**Dataset section:**
════
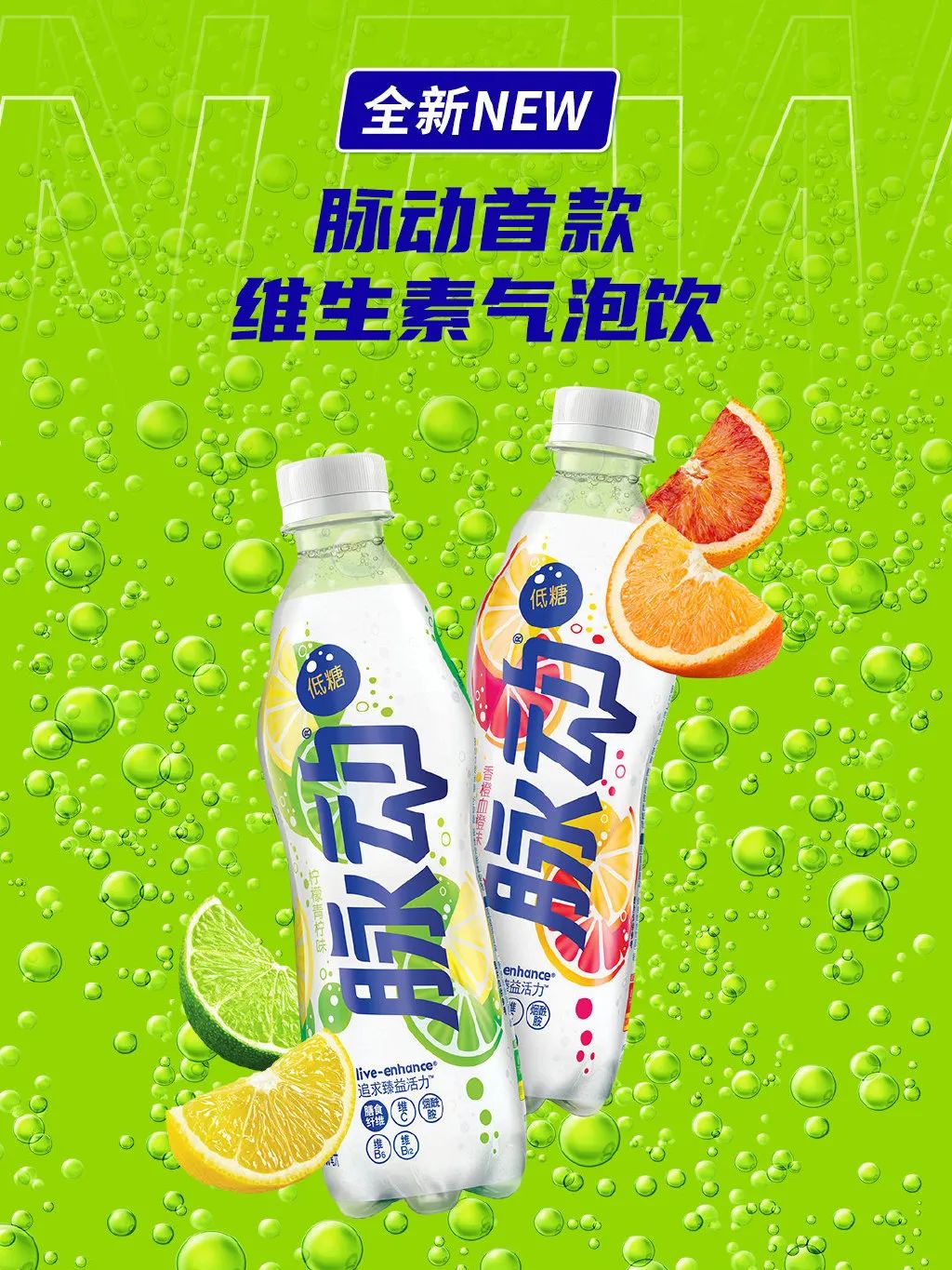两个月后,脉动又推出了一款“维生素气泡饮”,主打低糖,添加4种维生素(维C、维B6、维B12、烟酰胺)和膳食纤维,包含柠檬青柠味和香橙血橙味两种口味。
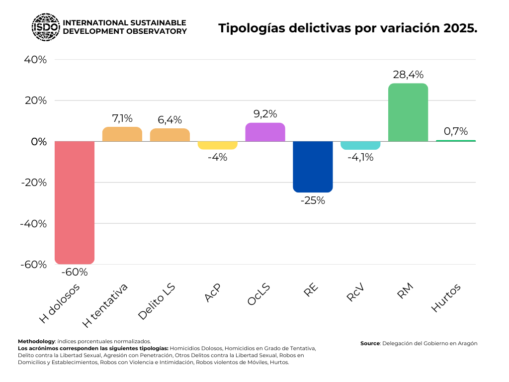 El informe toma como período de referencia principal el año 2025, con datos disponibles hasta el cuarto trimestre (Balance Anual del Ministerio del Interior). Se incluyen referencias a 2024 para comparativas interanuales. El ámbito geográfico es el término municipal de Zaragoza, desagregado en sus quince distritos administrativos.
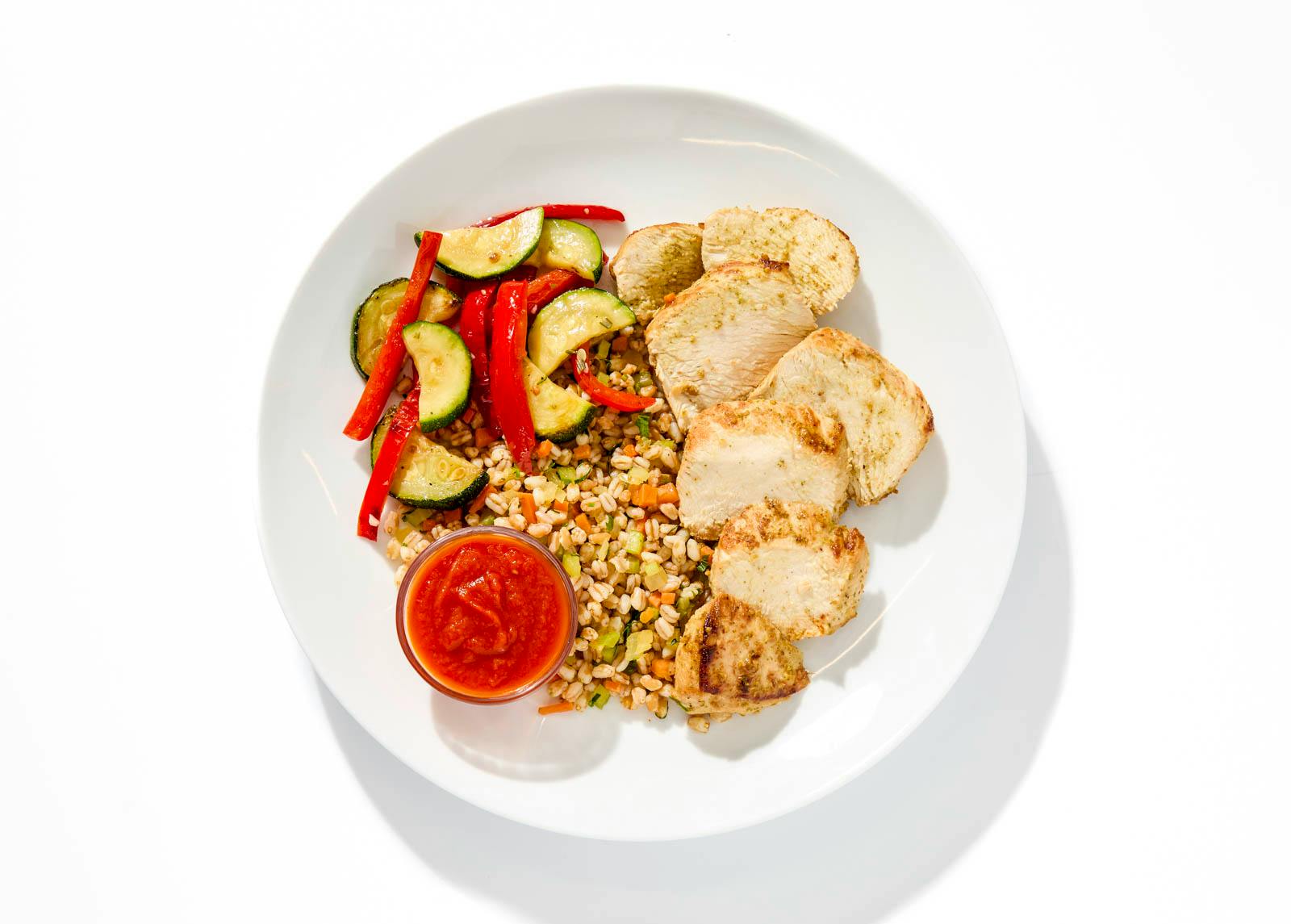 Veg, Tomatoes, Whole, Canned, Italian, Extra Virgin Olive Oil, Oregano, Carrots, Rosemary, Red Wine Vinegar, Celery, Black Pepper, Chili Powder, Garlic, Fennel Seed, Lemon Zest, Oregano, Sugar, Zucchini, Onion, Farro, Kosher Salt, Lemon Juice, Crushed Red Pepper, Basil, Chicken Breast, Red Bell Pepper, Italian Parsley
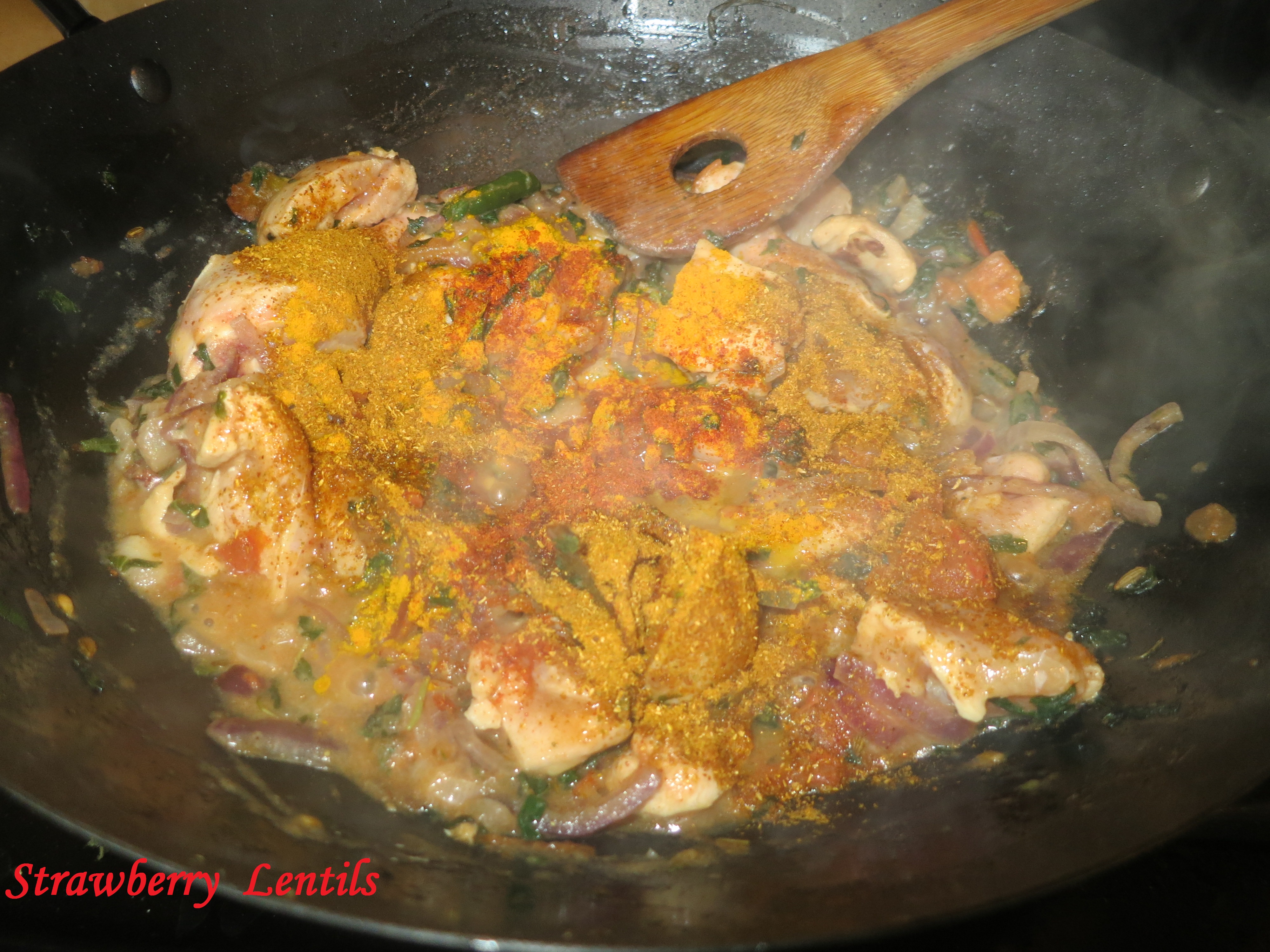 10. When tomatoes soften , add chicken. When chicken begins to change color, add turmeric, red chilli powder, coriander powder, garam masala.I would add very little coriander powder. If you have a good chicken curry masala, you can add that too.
════
**What you have to do:**
Starting with the first line of the data, transcribe every line exactly through the one containing "Veg, Tomatoes, Whole, Canned, Italian, Extra". No pictures go in.

**Answer space:**
两个月后,脉动又推出了一款“维生素气泡饮”,主打低糖,添加4种维生素(维C、维B6、维B12、烟酰胺)和膳食纤维,包含柠檬青柠味和香橙血橙味两种口味。
 El informe toma como período de referencia principal el año 2025, con datos disponibles hasta el cuarto trimestre (Balance Anual del Ministerio del Interior). Se incluyen referencias a 2024 para comparativas interanuales. El ámbito geográfico es el término municipal de Zaragoza, desagregado en sus quince distritos administrativos.
 Veg, Tomatoes, Whole, Canned, Italian, Extra Virgin Olive Oil, Oregano, Carrots, Rosemary, Red Wine Vinegar, Celery, Black Pepper, Chili Powder, Garlic, Fennel Seed, Lemon Zest, Oregano, Sugar, Zucchini, Onion, Farro, Kosher Salt, Lemon Juice, Crushed Red Pepper, Basil, Chicken Breast, Red Bell Pepper, Italian Parsley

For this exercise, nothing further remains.